The two runs use the same reader, the same retrieval depth, and the same embeddings on the structured config — yet the 0323 run reports much higher per-category judge scores while its token-F1 is lower (e.g. single-session-user F1 0.154 on 0323 vs 0.521 on 0327). Higher judge accuracy paired with lower token overlap is the signature of a more lenient judge pass: the judge accepted answers the stricter pass rejected, without the answers actually matching the references more closely.
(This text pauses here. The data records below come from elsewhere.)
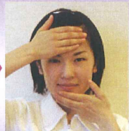
④最後に額とあごも忘れずに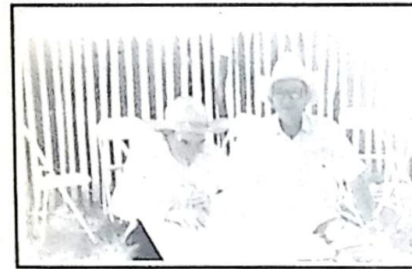
...Tomaram aquele tererê...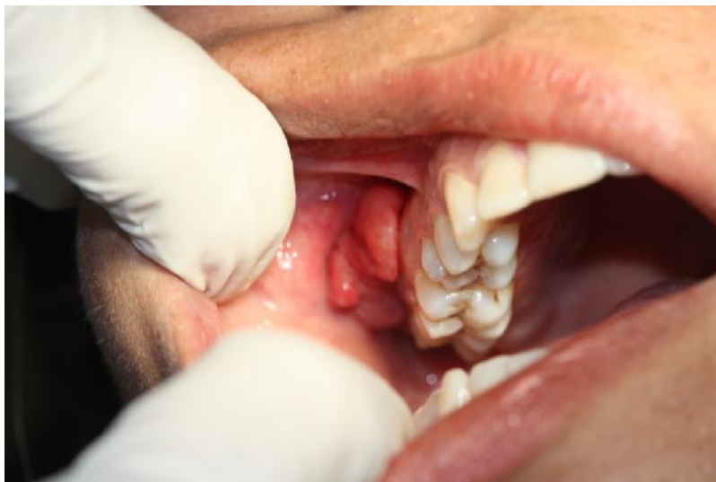
تصویر ۱: نمای بالینی ضایعه

گزارش مورد: یک خانم ۲۸ ساله با شکایت از یک ضایعه داخل دهانی، درد و تورم در خلف ماگزایلا به مدت یکسال به بخش بیماری های دهان دانشکده دندانپزشکی بابل مراجعه کرد. به گفته بیمار ضایعه طی مدت یکسال بزرگتر شده و حین مسواک زدن و غذا خوردن دچار خونریزی می شد. در معاینه بالینی بعمل آمده، ضایعه شامل یک توده اگزوفیتیک باکالی پولیپوئید با سطح لبوله و با قوام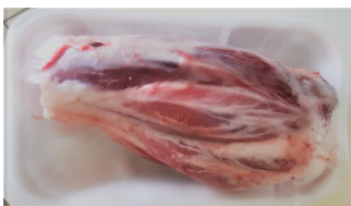
Stinco kg.1,00 ca €/kg.9,50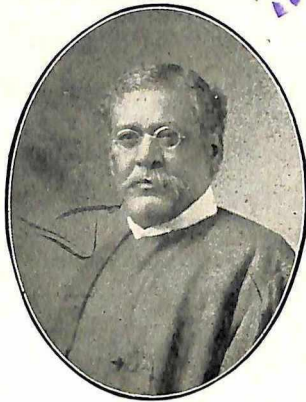
डा. सर राश बिहारी बोस सुरत—१९०७, मद्रास—१९०८.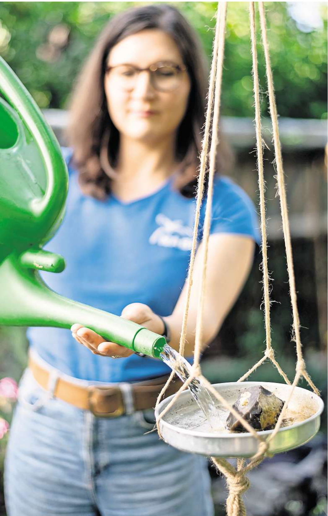
Naturnah Gärtnern: Wasserstellen sollten Tieren Ausstiegsmöglichkeiten geben, zum Beispiel kleine Steine.

Mit diesen einfachen Maßnahmen lässt sich schon auf kleinstem Raum ein wichtiger Beitrag leisten, damit heimische Tierarten die heißen Sommerwochen unbeschadet überstehen. Jeder Quadratmeter zählt – ob Balkon, Terrasse oder Garten – um in Zeiten zunehmender Trockenheit neue Oasen für die Natur zu schaffen.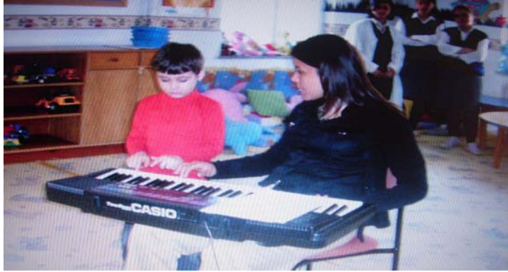
Resim 7:Müzik Etkinlikleri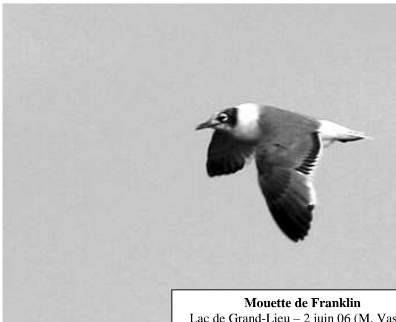
Mouette de Franklin Lac de Grand-Lieu – 2 juin 06

sont succédés sur le même site en mai, de même que quelques Tournepierrres à collier et un Bécasseau cocorli . Un autre cocorli a été vu en Brière le 20/05. Plutôt hors-saison, une observation de Courlis cendré le 13/06 au Grand Port et quatre le 2/07 en Brière.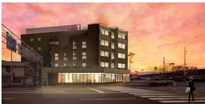
ホテル外観 (イメージ)

■京都や周辺の琵琶湖や瀬戸内など、人気のサイクリングコースに囲まれた立地のため、サイクリストのお客様にお楽しみいただけるよう、1階の4部屋は、そのまま自転車を持ち込める仕様になっています。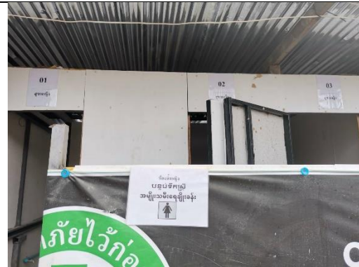
รูปที่ 16 ห้องน้ำ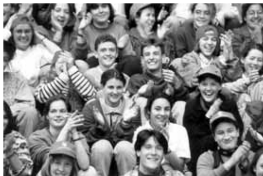
Mladi Francuzi - članovi Euharistijskog pokreta mladih

This is the same leniency effect documented in The Judge Says Yes Too Easily — an LLM judge's strictness can swing the headline number by tens of points without the underlying retrieval changing at all. Without a frozen judge-prompt hash, we cannot say which pass is the "correct" one. So we present the ≈0.62 / ≈0.79 band and assert neither as canonical. When the gpt-5 protocol run lands with a frozen judge, it will replace both.

Known asymmetries

  • Backbone gap. Top published systems use frontier models (Hindsight on Gemini-3 Pro, others on gpt-4o); our measured runs used gpt-5-mini. The fixed-judge protocol exists to remove this confound — until it runs, cross-system comparison is not apples-to-apples.
  • Self-reported vs measured-by-us. Published competitor numbers (Hindsight ≈91.4, EverMemOS ≈83.0, TiMem ≈76.9, GPT-4o RAG top-10 ≈71.4, GPT-4o full-context ≈60.6, Mem0 ≈65.0) come from each system's own judge and backbone. They are reference points, not a single ranking against our numbers. Several widely-cited figures were corrected against primary sources (e.g. the GPT-4o RAG "72.0" is not in the paper — Table 2's best GPT-4o @10 is 71.4; the Llama-3.1-8B "45.4" is not a cell in the paper; the MemGPT "15.8" is from a vendor blog, not Wu et al.).
  • Abstention coverage. The protocol describes 7 question types including abstention; the variant-s run we cite contained only the 6 non-abstention types (500 instances). So our numbers do not exercise the false-premise refusal case.
  • Judge identity matters more than the dataset here. As the discrepancy above shows, on this benchmark the judge configuration can move the headline more than the memory engine does. Any single number without a judge-prompt hash should be read skeptically — including ours.

By Edward Izgorodin · last updated 2026-06-21.